▸ TASK GOAL
Retype all of the data word for word, without pictures.

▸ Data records
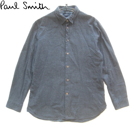 - 美品!!ポールスミス Paul Smith*ロゴタグ付き コットンフランネルシャツ L 濃紺 ネイビー
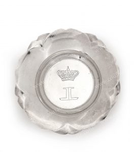 LEOPOLD III, roi des Belges. Ensemble de deux cendriers de table en argent, a décor de fleurs, gravés au centre de son monogramme LL sous couronne royale. Usures du temps, mais bon état. Travail de la Maison Okubo. H : 1, 5 cm Diam. : 7 cm.Poids...
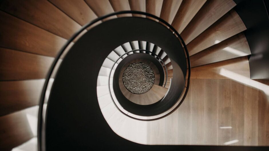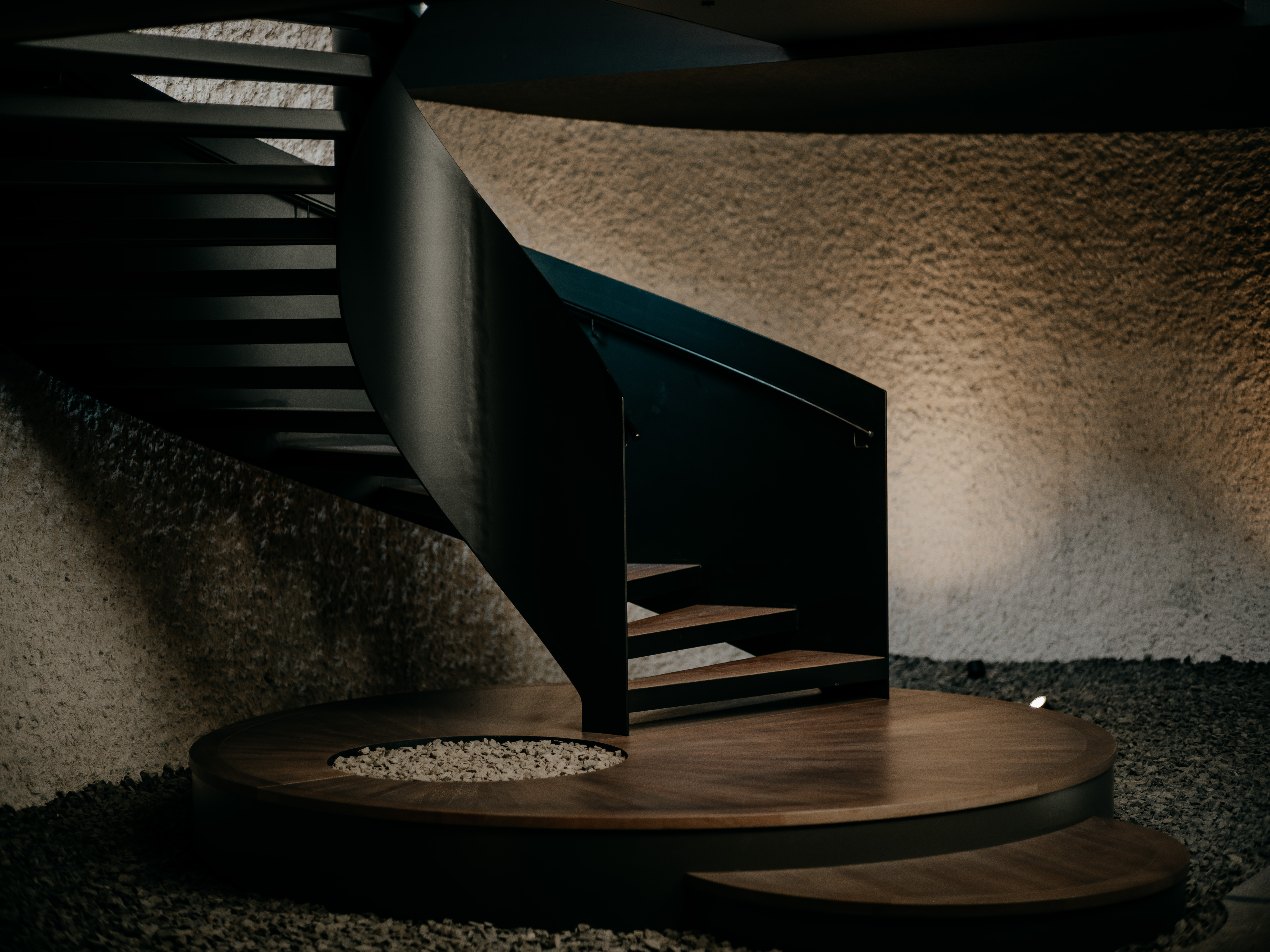 Die Treppe versteht sich als Raumskulptur, wie ein Möbelstück im Raum, das Präsenz zeigt, insbesondere durch das Antrittspodest im unteren Bereich. Unten herrscht Dunkelheit, und genau hier beginnt eine bewusst gestaltete Wegführung. Diese untere Zone fungiert als Zwischenraum – eine Übergangszone, die Zeit zum Ankommen, zum Erden und zur inneren Vorbereitung bietet. Es ist ein Ort der Ruhe, eine Phase der „Seelenzeit“, bevor man weitergeht. Von hier aus führt der Weg Schritt für Schritt nach oben ins Licht.
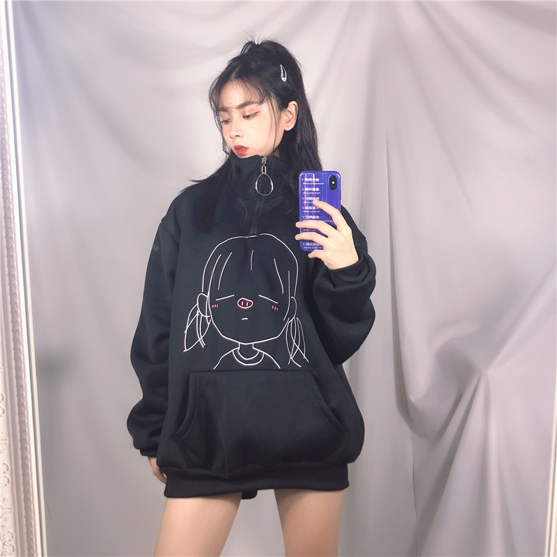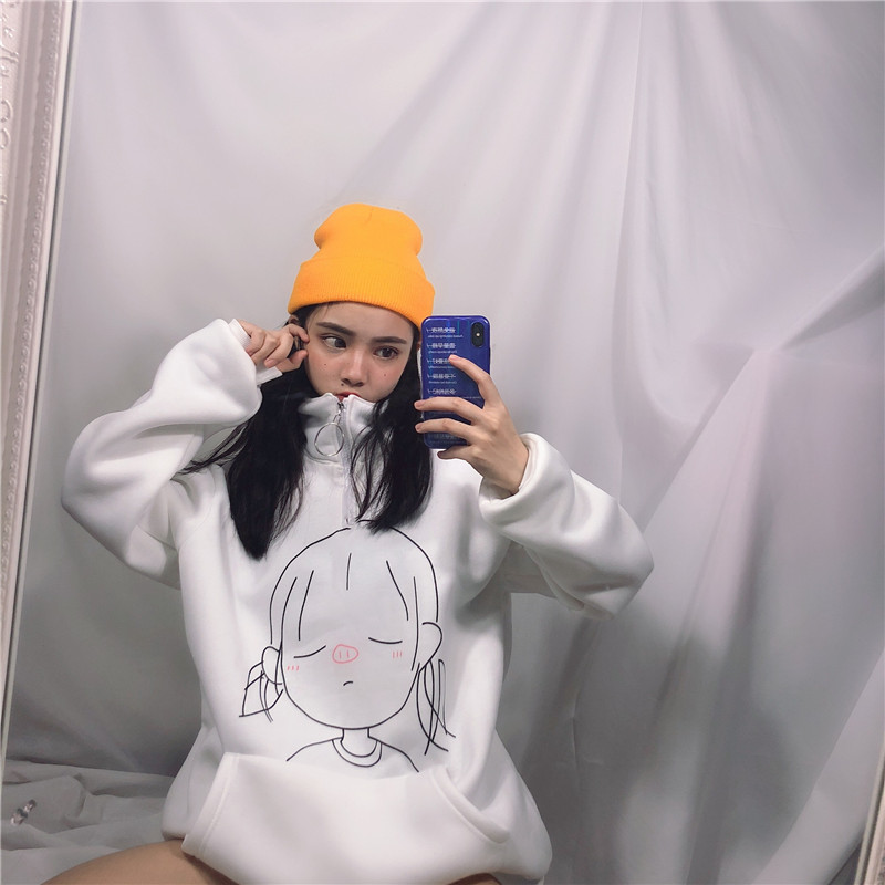 2018新款秋冬韓版中長款寬松卡通立領加絨加厚超火衛衣上衣外套女
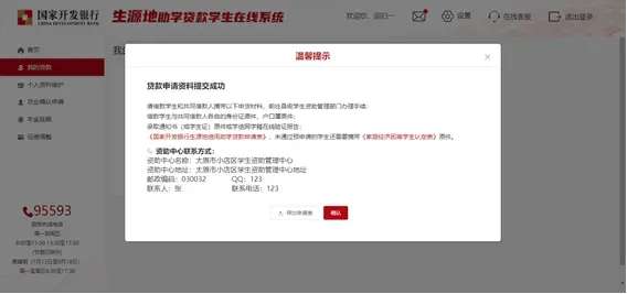06手机短信认证成功,弹框贷款申请提交成功页,贷款申请提交成功,导出申请表,前往县级学生资助管理部门现场签订合同。
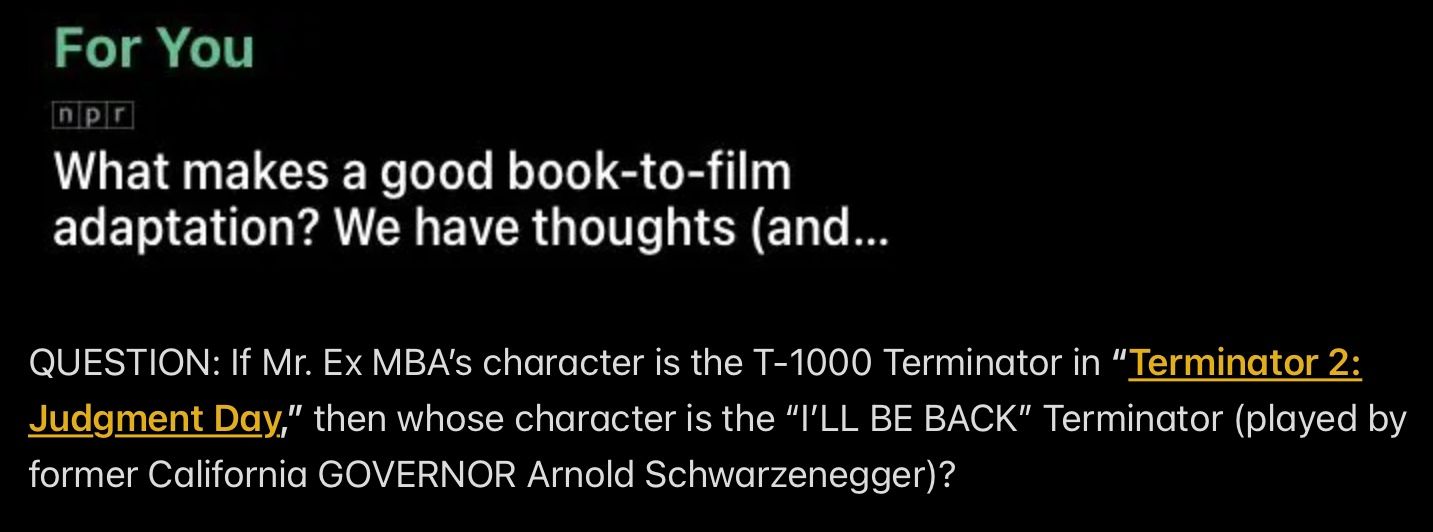 Think about it: Wendell compared himself to Saddam Hussein during a monologue about his ZERO-TOLERANCE FOR SIN STANCE, so Wendell and Mr. Ex MBA could NOT POSSIBLY have the same GOVERNOR MODULE NUMBER.

▸ THE ANSWER
 - 美品!!ポールスミス Paul Smith*ロゴタグ付き コットンフランネルシャツ L 濃紺 ネイビー
 LEOPOLD III, roi des Belges. Ensemble de deux cendriers de table en argent, a décor de fleurs, gravés au centre de son monogramme LL sous couronne royale. Usures du temps, mais bon état. Travail de la Maison Okubo. H : 1, 5 cm Diam. : 7 cm.Poids...
 Die Treppe versteht sich als Raumskulptur, wie ein Möbelstück im Raum, das Präsenz zeigt, insbesondere durch das Antrittspodest im unteren Bereich. Unten herrscht Dunkelheit, und genau hier beginnt eine bewusst gestaltete Wegführung. Diese untere Zone fungiert als Zwischenraum – eine Übergangszone, die Zeit zum Ankommen, zum Erden und zur inneren Vorbereitung bietet. Es ist ein Ort der Ruhe, eine Phase der „Seelenzeit“, bevor man weitergeht. Von hier aus führt der Weg Schritt für Schritt nach oben ins Licht.
 2018新款秋冬韓版中長款寬松卡通立領加絨加厚超火衛衣上衣外套女
06手机短信认证成功,弹框贷款申请提交成功页,贷款申请提交成功,导出申请表,前往县级学生资助管理部门现场签订合同。
 Think about it: Wendell compared himself to Saddam Hussein during a monologue about his ZERO-TOLERANCE FOR SIN STANCE, so Wendell and Mr. Ex MBA could NOT POSSIBLY have the same GOVERNOR MODULE NUMBER.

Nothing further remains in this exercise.